• **ASSIGNMENT**: Look below for the line with "La sedia presenta"; begin the copy there and stop after the line with "5U105S2SS5FA (I valori", keeping the text exact and the pictures out.

• **SUPPLIED MATERIAL**:

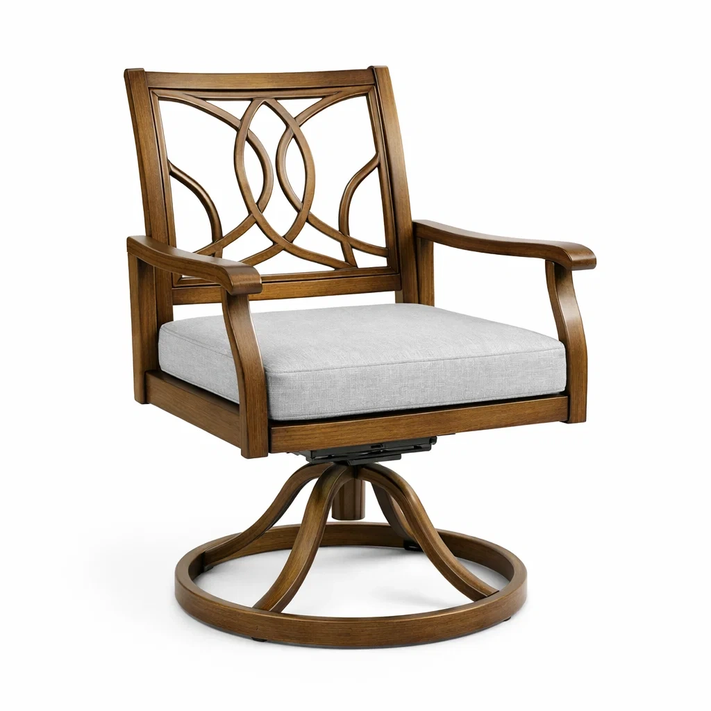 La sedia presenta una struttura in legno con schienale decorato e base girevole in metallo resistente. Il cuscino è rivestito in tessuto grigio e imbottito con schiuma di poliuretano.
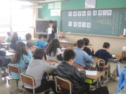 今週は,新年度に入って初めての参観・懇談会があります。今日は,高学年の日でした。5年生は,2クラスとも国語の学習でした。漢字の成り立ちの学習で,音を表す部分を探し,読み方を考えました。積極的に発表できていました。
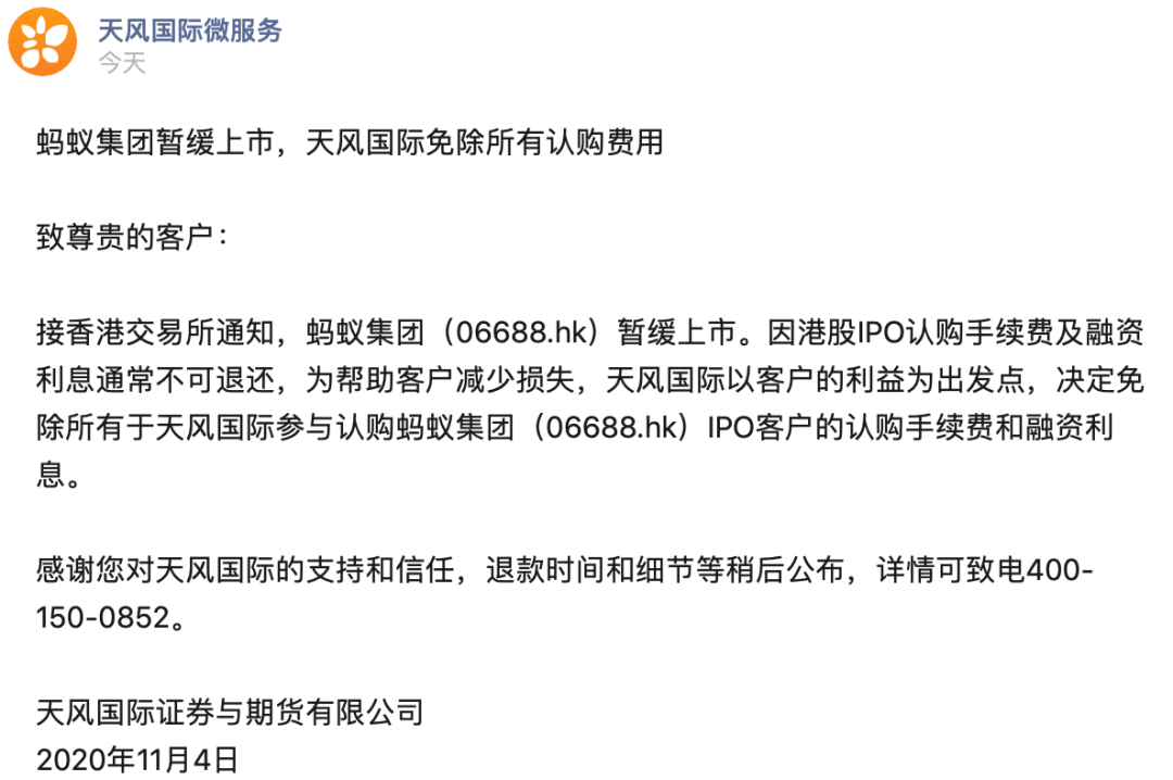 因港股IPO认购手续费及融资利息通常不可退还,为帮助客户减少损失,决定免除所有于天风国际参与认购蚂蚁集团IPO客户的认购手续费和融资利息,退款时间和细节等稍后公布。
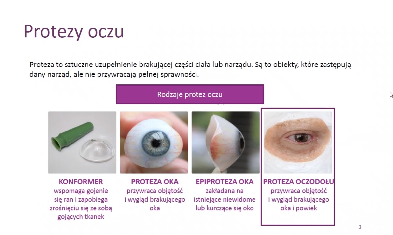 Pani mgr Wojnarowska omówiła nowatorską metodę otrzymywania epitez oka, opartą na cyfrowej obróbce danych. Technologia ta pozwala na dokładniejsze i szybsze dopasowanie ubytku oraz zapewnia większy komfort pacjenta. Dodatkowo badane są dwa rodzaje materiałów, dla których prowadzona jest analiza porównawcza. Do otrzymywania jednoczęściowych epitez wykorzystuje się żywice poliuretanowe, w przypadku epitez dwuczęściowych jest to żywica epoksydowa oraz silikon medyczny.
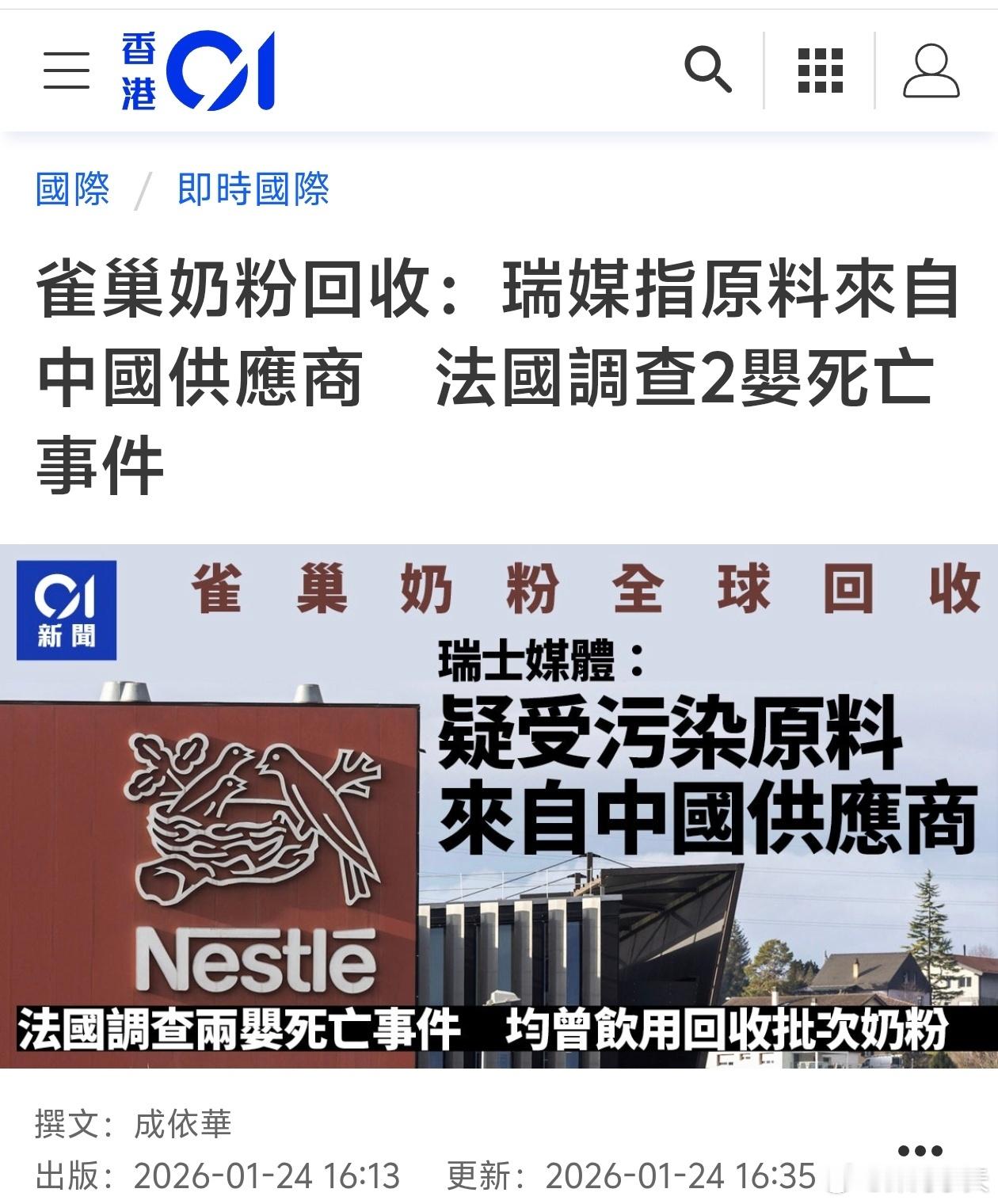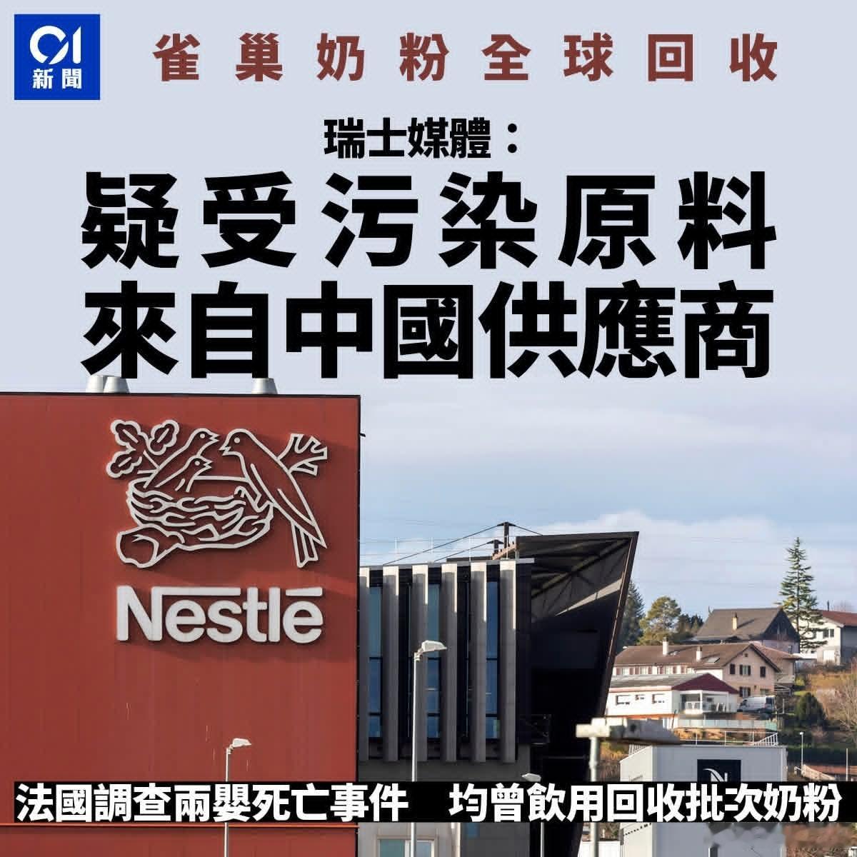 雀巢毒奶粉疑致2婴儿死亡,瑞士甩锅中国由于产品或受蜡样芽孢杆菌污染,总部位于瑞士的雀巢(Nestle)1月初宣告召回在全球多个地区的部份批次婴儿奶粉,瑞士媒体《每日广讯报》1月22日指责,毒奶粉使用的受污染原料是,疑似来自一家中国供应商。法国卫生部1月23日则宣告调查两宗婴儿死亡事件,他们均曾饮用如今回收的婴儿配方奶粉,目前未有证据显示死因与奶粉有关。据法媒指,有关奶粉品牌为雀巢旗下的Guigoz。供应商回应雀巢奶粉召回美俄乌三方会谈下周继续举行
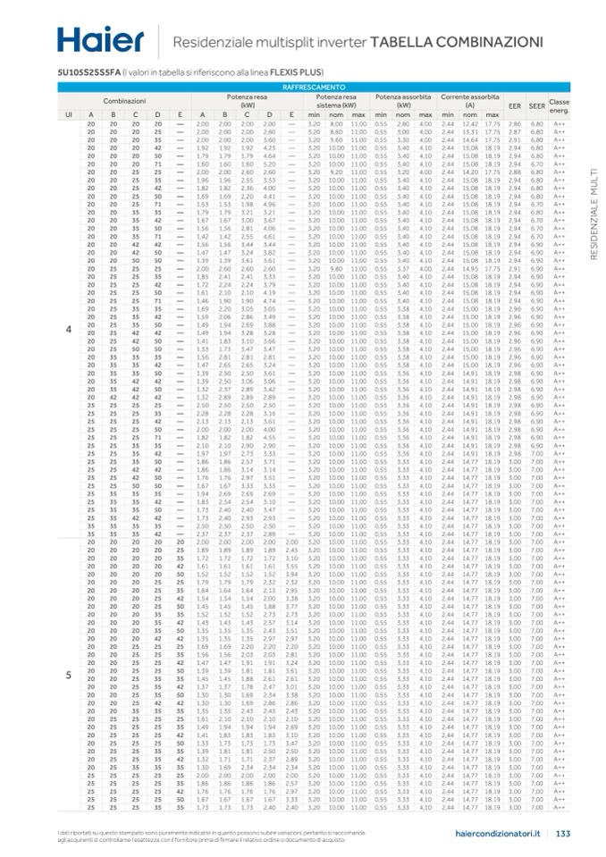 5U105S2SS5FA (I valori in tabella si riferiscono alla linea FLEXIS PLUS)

---

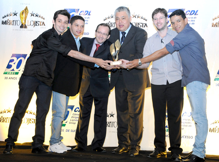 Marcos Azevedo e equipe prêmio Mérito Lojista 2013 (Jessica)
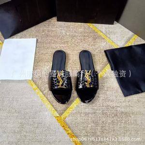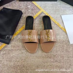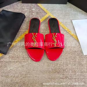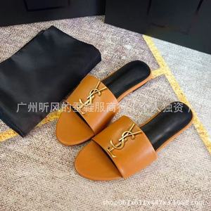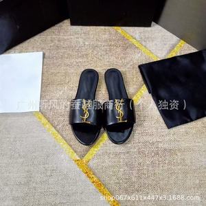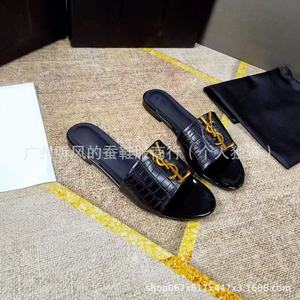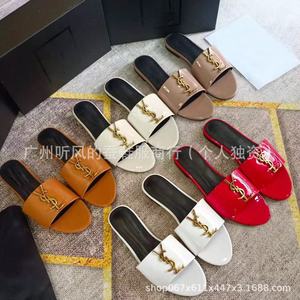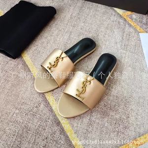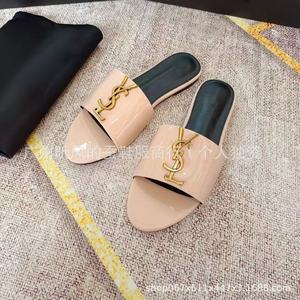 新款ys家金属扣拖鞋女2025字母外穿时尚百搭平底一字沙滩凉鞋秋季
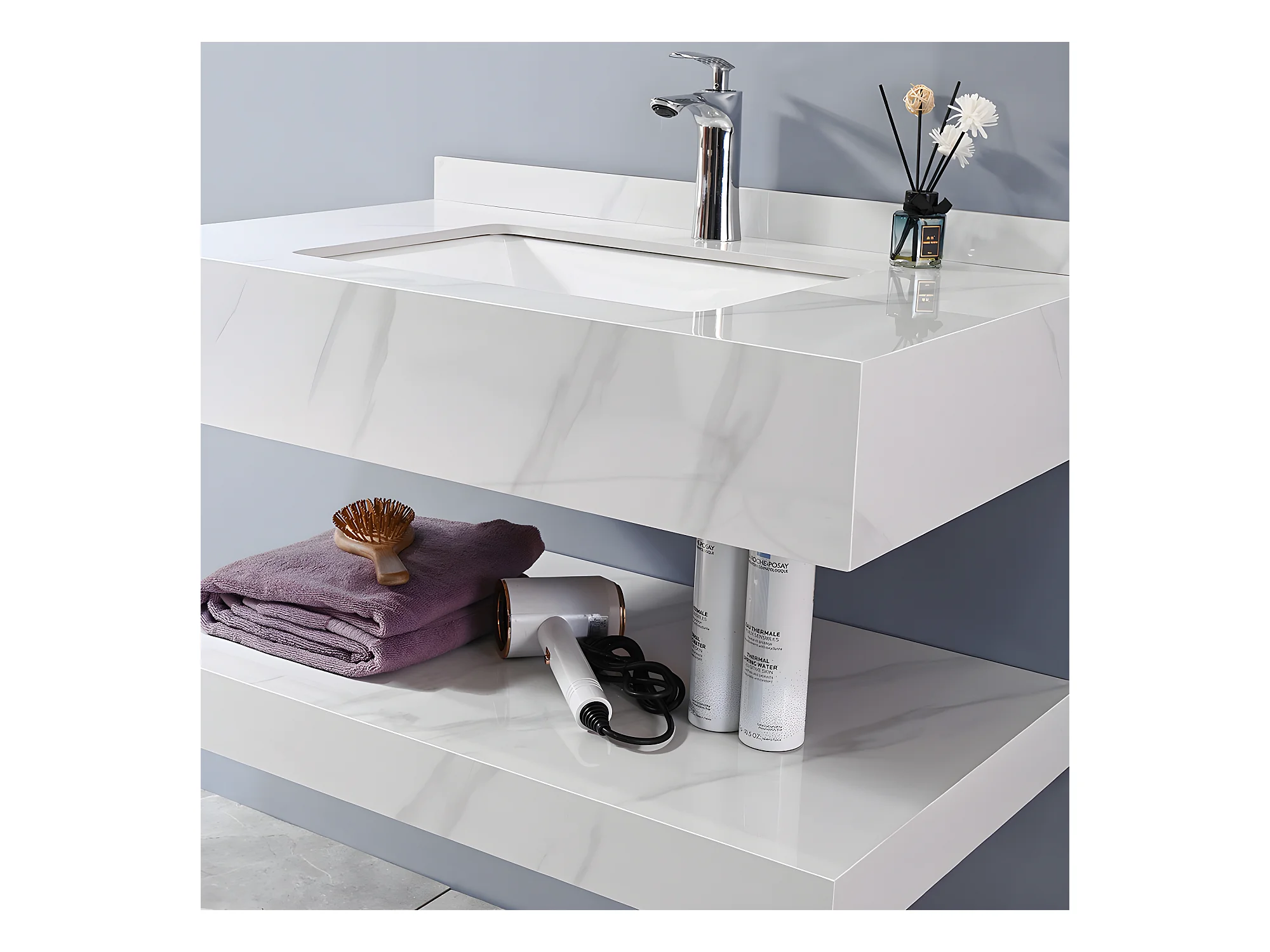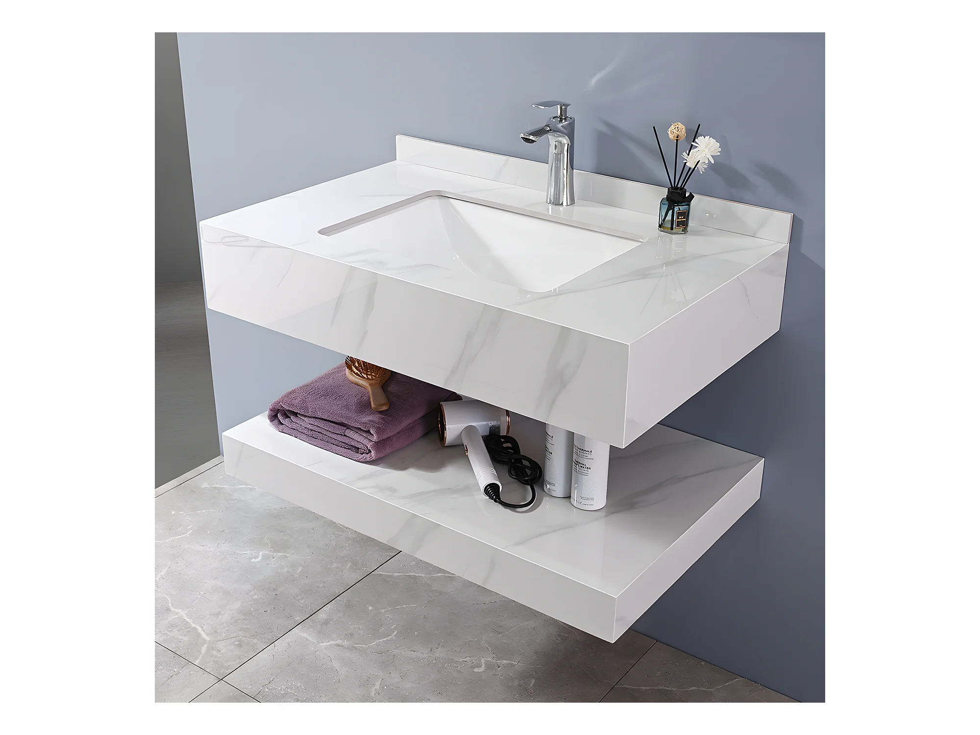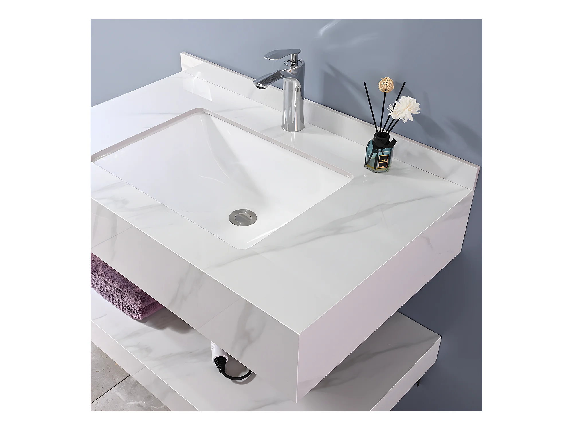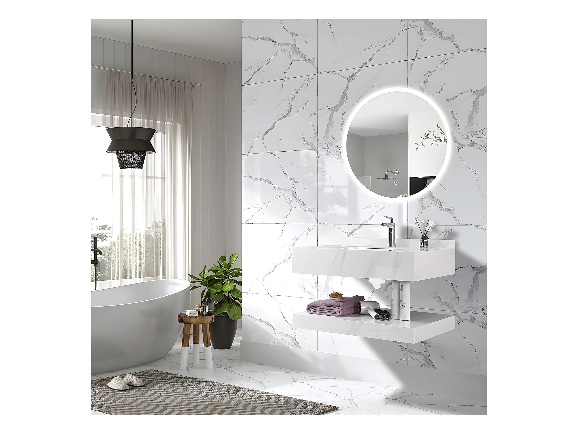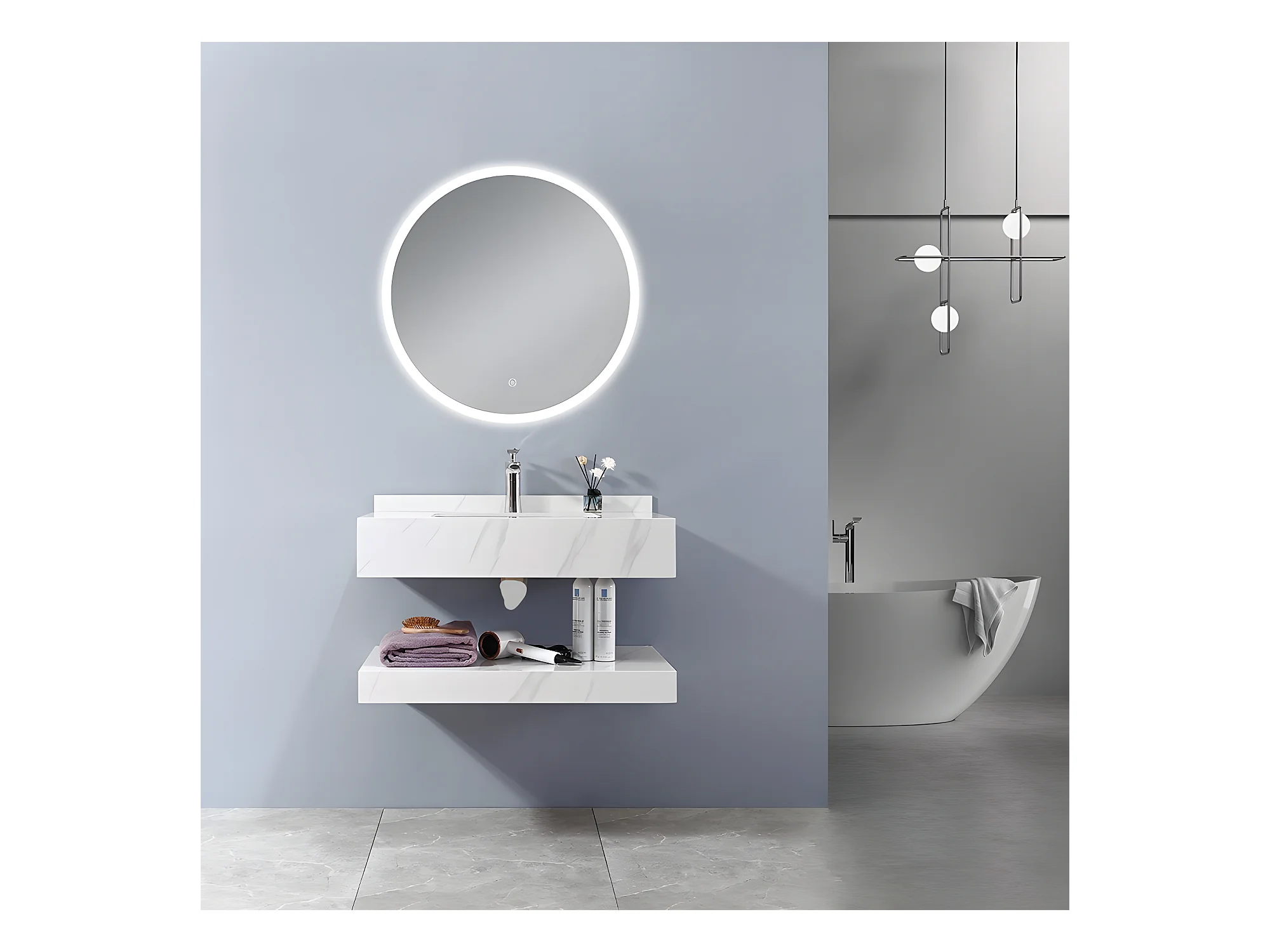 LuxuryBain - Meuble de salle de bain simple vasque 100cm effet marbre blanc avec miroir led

* * *

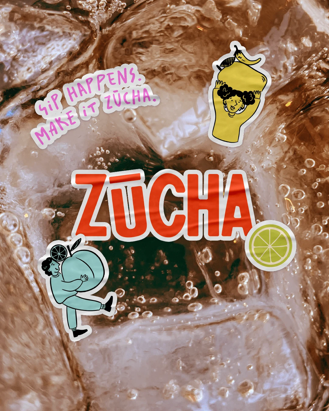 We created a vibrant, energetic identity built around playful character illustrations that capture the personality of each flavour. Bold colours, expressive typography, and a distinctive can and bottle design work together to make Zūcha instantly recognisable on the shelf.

• **ANSWER TO THE PROBLEM**:
 La sedia presenta una struttura in legno con schienale decorato e base girevole in metallo resistente. Il cuscino è rivestito in tessuto grigio e imbottito con schiuma di poliuretano.
 今週は,新年度に入って初めての参観・懇談会があります。今日は,高学年の日でした。5年生は,2クラスとも国語の学習でした。漢字の成り立ちの学習で,音を表す部分を探し,読み方を考えました。積極的に発表できていました。
 因港股IPO认购手续费及融资利息通常不可退还,为帮助客户减少损失,决定免除所有于天风国际参与认购蚂蚁集团IPO客户的认购手续费和融资利息,退款时间和细节等稍后公布。
 Pani mgr Wojnarowska omówiła nowatorską metodę otrzymywania epitez oka, opartą na cyfrowej obróbce danych. Technologia ta pozwala na dokładniejsze i szybsze dopasowanie ubytku oraz zapewnia większy komfort pacjenta. Dodatkowo badane są dwa rodzaje materiałów, dla których prowadzona jest analiza porównawcza. Do otrzymywania jednoczęściowych epitez wykorzystuje się żywice poliuretanowe, w przypadku epitez dwuczęściowych jest to żywica epoksydowa oraz silikon medyczny.
 雀巢毒奶粉疑致2婴儿死亡,瑞士甩锅中国由于产品或受蜡样芽孢杆菌污染,总部位于瑞士的雀巢(Nestle)1月初宣告召回在全球多个地区的部份批次婴儿奶粉,瑞士媒体《每日广讯报》1月22日指责,毒奶粉使用的受污染原料是,疑似来自一家中国供应商。法国卫生部1月23日则宣告调查两宗婴儿死亡事件,他们均曾饮用如今回收的婴儿配方奶粉,目前未有证据显示死因与奶粉有关。据法媒指,有关奶粉品牌为雀巢旗下的Guigoz。供应商回应雀巢奶粉召回美俄乌三方会谈下周继续举行
 5U105S2SS5FA (I valori in tabella si riferiscono alla linea FLEXIS PLUS)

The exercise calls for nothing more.